Nitekim Ukrayna Dışişleri Bakanlığı, Intervision’ı “Rusya’nın saldırgan politikalarını aklamak için kullanılan düşmanca bir propaganda aracı” ilan etti.
Katılımcılar arasında da savaş gündemi tartışma yaratıyor.

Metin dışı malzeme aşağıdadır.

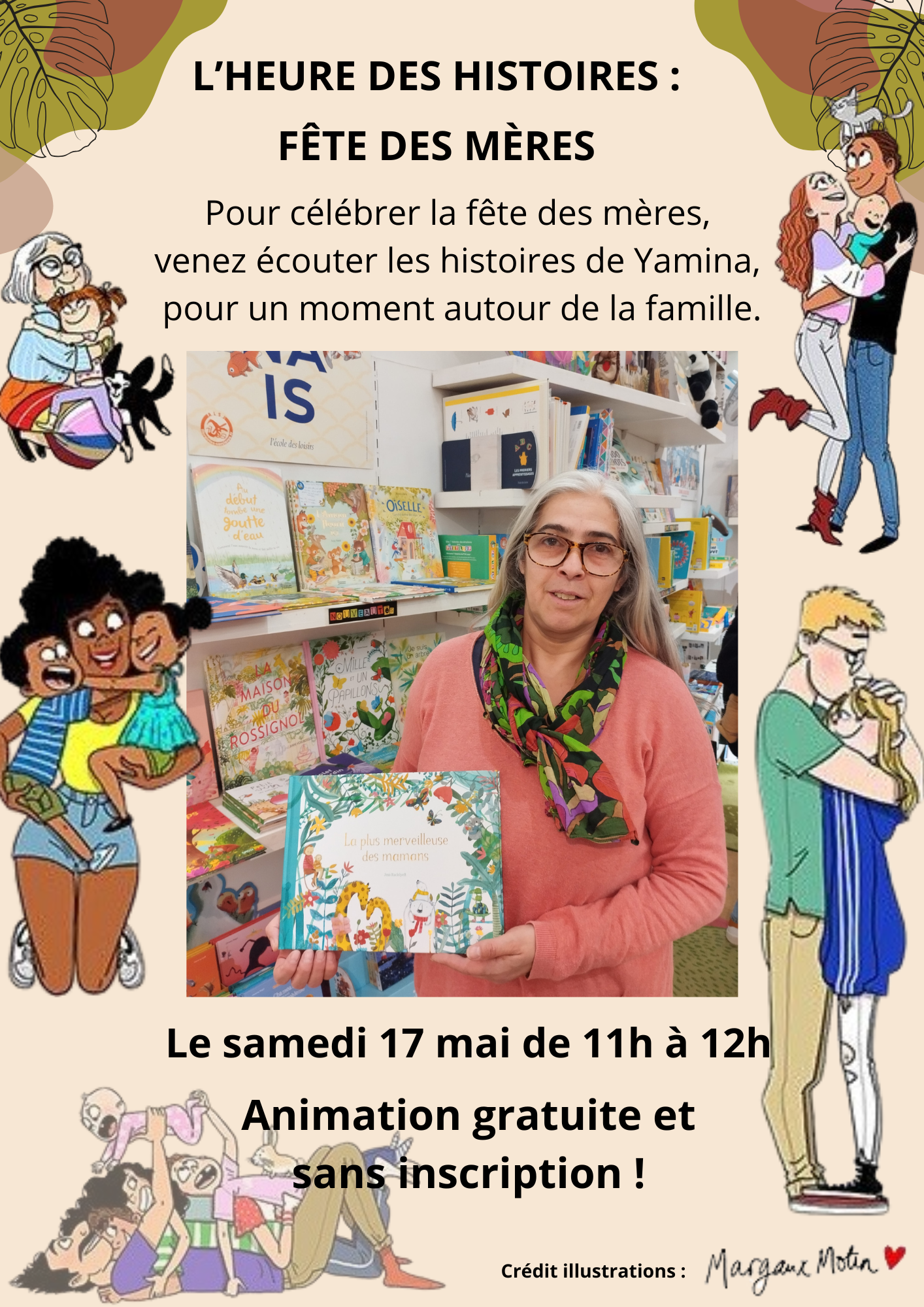 La fête des mères  approchant, notre douce Yamina donne rendez-vous à tous vos mini-lecteurs et lectrices le samedi 17 mais de 11h à midi avec plein d’histoires sur les mamans, mais aussi sur la famille en général.

Güney Afrikalı grup Mzansi Jikelele, BBC'ye yaptığı açıklamada, "Savaş nedeniyle endişelerimiz vardı ama bize hiçbir sorun olmayacağı söylendi," açıklamasını yaptı. Hindistan’dan gelen Rauhan Malik ise, SKY News'e verdiği röportajda, Rusya’nın Ukrayna’daki saldırıları sorulduğunda "Bu konuda hiçbir fikrim yok, barış için buradayız," demekle yetindi.
Intervision’un yeniden canlanması, bir yandan Sovyet nostaljisini çağrıştırıyor, diğer yandan ise Putin’in “çok kutuplu dünya” vizyonunun kültürel ayağı olarak okunuyor.
Ancak soru şu: Intervision, gerçekten küresel bir cazibe merkezi olabilir mi, yoksa Kremlin’in içe dönük propaganda aracından öteye geçemez mi?
Moskova bu sorunun yanıtını sahnede arıyor. Fakat şimdilik, Batı’nın Eurovision’ı ile Rusya’nın Intervision’ı, kültür savaşlarının son cephesi haline gelmiş durumda.
Sovyetlerden bugüne: Intervision’un kısa tarihi
Intervision, ilk kez 1965’te Polonya’nın Sopot kentinde düzenlendi.
Sovyetler Birliği ve müttefikleri, Eurovision’un popülerliğine yanıt olarak kendi şarkı yarışmasını hayata geçirdi. Katılımcılar genellikle Doğu Bloku ülkeleriydi: Polonya, Çekoslovakya, Doğu Almanya, Macaristan ve Sovyetler Birliği.
Amaç, hem sosyalist ülkeler arasında kültürel bağları güçlendirmek hem de Batı’ya karşı bir “kültürel vitrin” yaratmaktı.
Yarışma, 1980’lerin sonuna kadar düzenlenmiş, ancak Sovyetler’in dağılmasıyla tarihe karışmıştı.